- **Assigned task**
Go through the lines below and repeat each one exactly, skipping pictures.

========================================================================

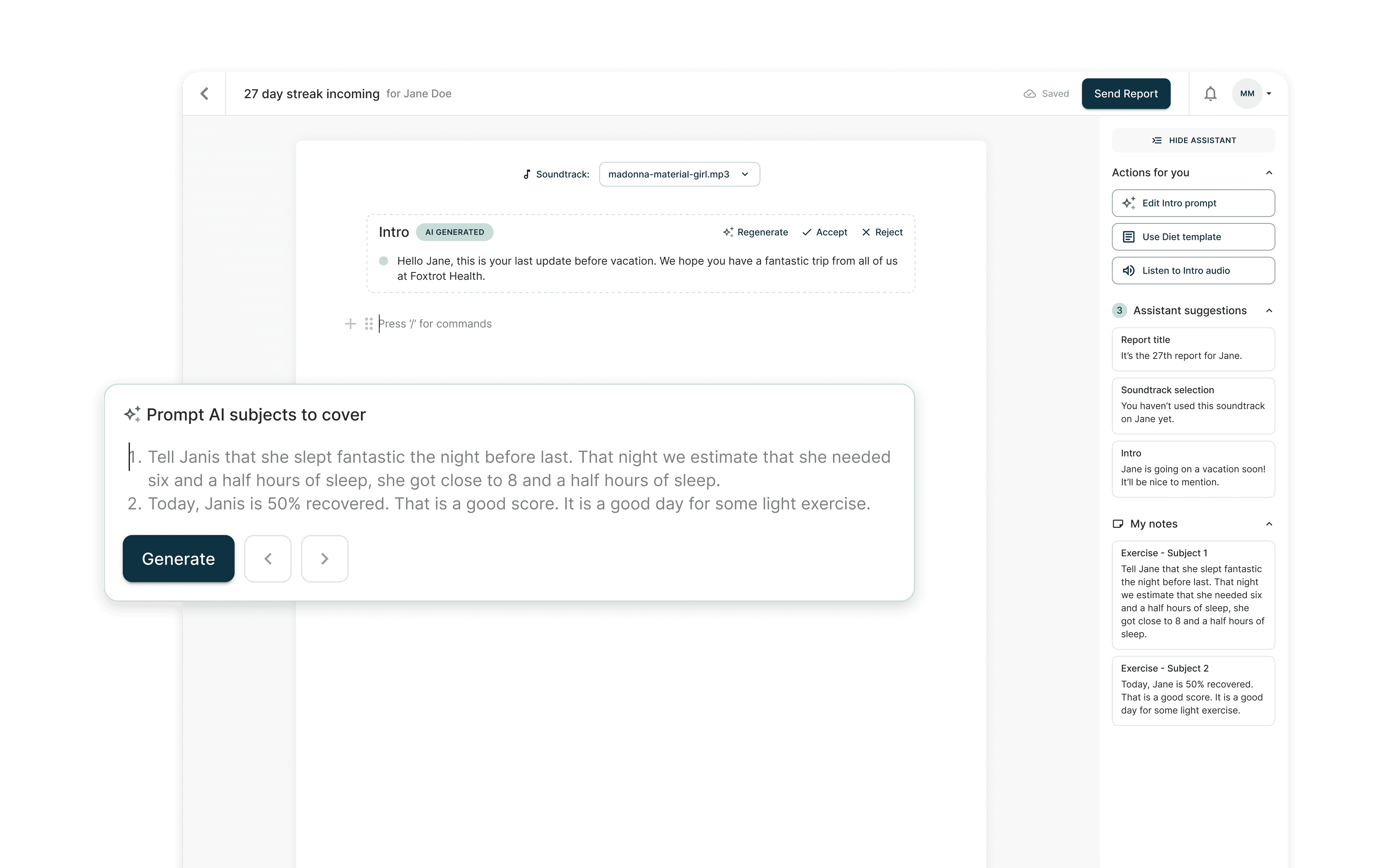 Provides editable content suggestions, addresses users' struggle with report generation by offering a head start, automating 50% of the process to increase business efficiency.
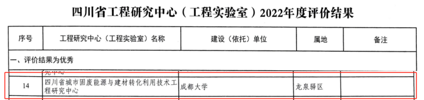 建设的四川省城市固废能源与建材转化利用技术工程研究中心(以下简称“固废研究中心”)评价结果为“优秀”,标志着固废研究中心在相关领域的研究实践和社会服务工作取得了显著成效。
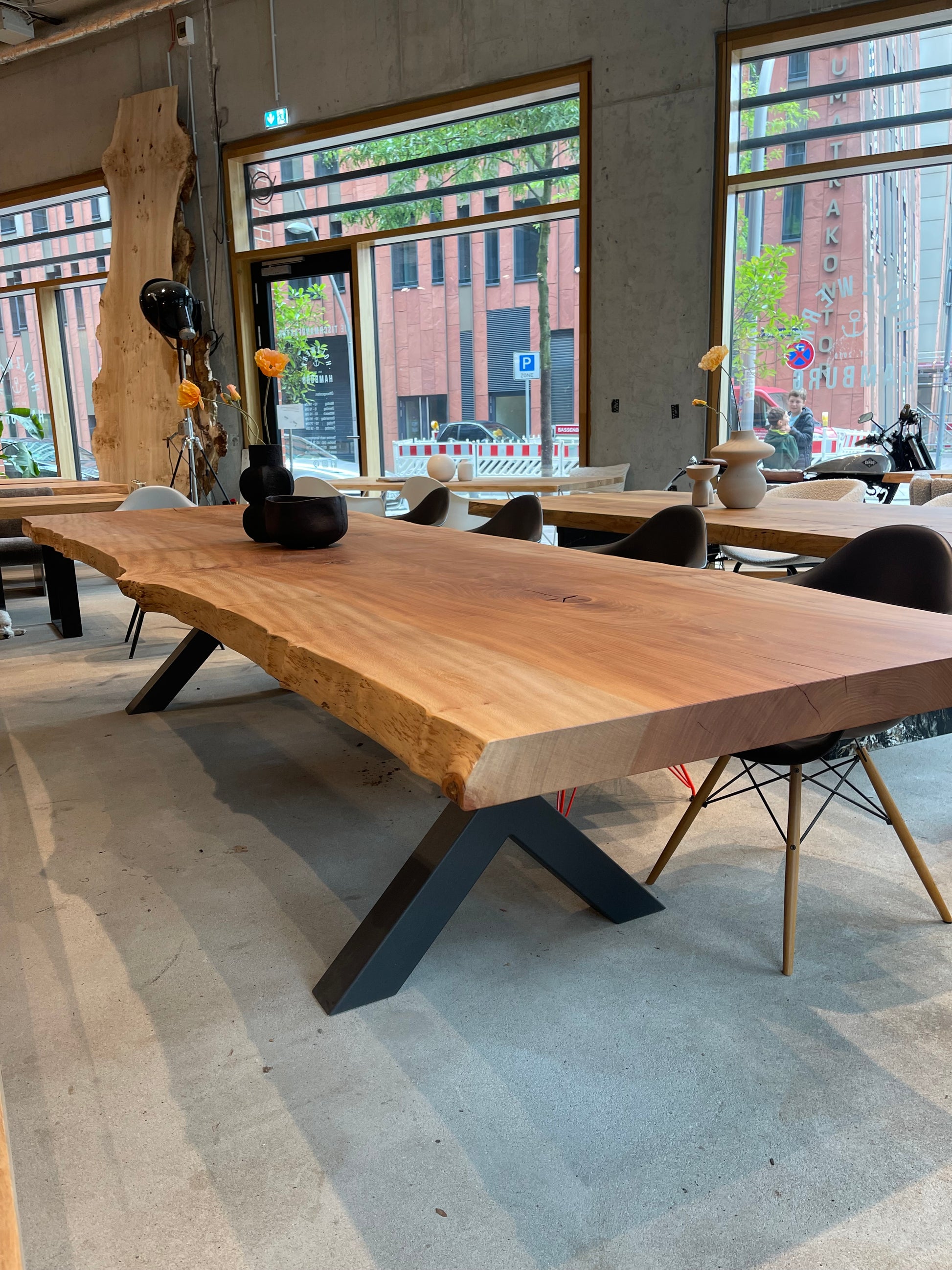 In der Hamburger HafenCity – voll mit Massivholztischen, Platten und persönlicher Beratung im Atelier-Flair. Live vor Ort oder per Video.
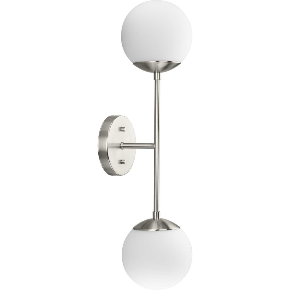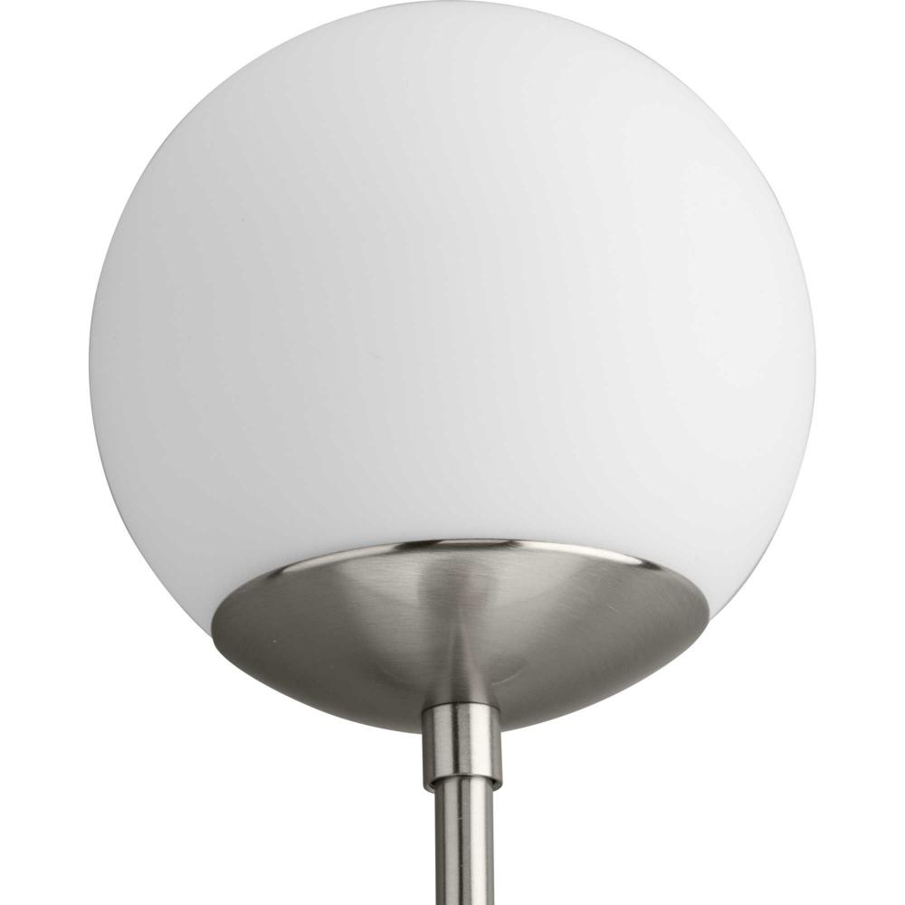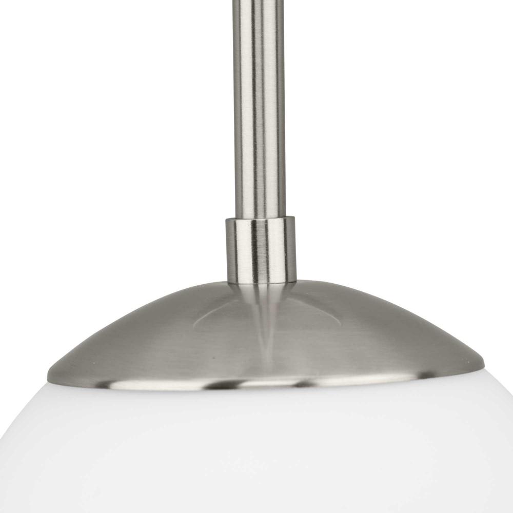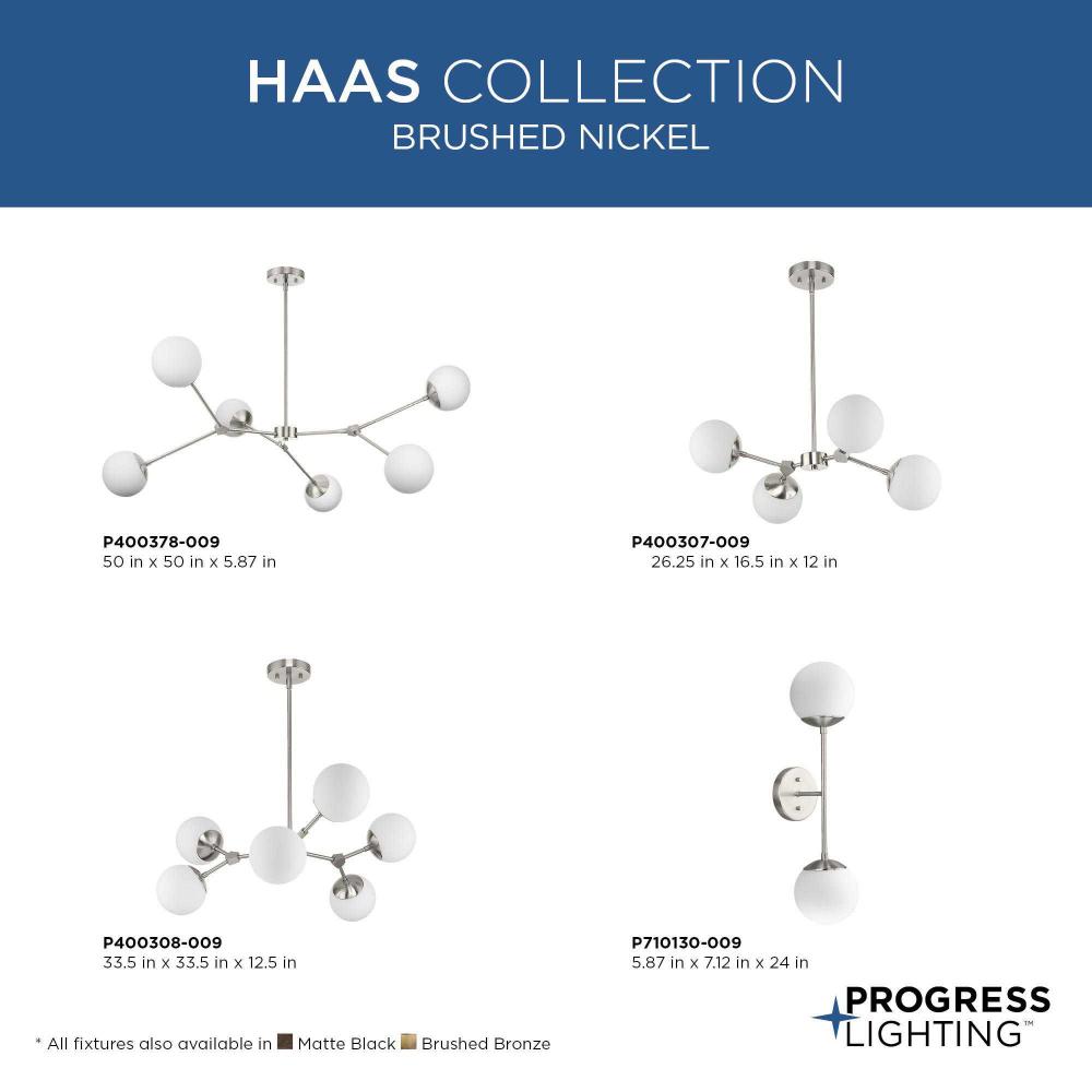 Modern and organic inspirations elegantly meld together in Haas. A bold linear frame finished in Brushed Nickel branches out to embrace smoothly etched opal glass globes that imbue rooms with soft illumination, and fits beautifully into timeless modern, mid-century modern and contemporary settings. This fixture is part of the Progress Lighting Design Series, a lighting collection offering fashionable styles and luxury lighting for the home.
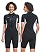 【Multi-Function Women's Shorty Wetsuit】- Heavy-duty YKK back zipper women's shorty wetsuit is easy for exit and entry; Flat-Lock Stitched Seams is excellent durability and fantastic comfort to keep your body warm in the coldest conditions for canoeing, sea kayaking, snorkeling, diving, and other water activities.

========================================================================

- **Completed exercise**
 Provides editable content suggestions, addresses users' struggle with report generation by offering a head start, automating 50% of the process to increase business efficiency.
 建设的四川省城市固废能源与建材转化利用技术工程研究中心(以下简称“固废研究中心”)评价结果为“优秀”,标志着固废研究中心在相关领域的研究实践和社会服务工作取得了显著成效。
 In der Hamburger HafenCity – voll mit Massivholztischen, Platten und persönlicher Beratung im Atelier-Flair. Live vor Ort oder per Video.
 Modern and organic inspirations elegantly meld together in Haas. A bold linear frame finished in Brushed Nickel branches out to embrace smoothly etched opal glass globes that imbue rooms with soft illumination, and fits beautifully into timeless modern, mid-century modern and contemporary settings. This fixture is part of the Progress Lighting Design Series, a lighting collection offering fashionable styles and luxury lighting for the home.
 【Multi-Function Women's Shorty Wetsuit】- Heavy-duty YKK back zipper women's shorty wetsuit is easy for exit and entry; Flat-Lock Stitched Seams is excellent durability and fantastic comfort to keep your body warm in the coldest conditions for canoeing, sea kayaking, snorkeling, diving, and other water activities.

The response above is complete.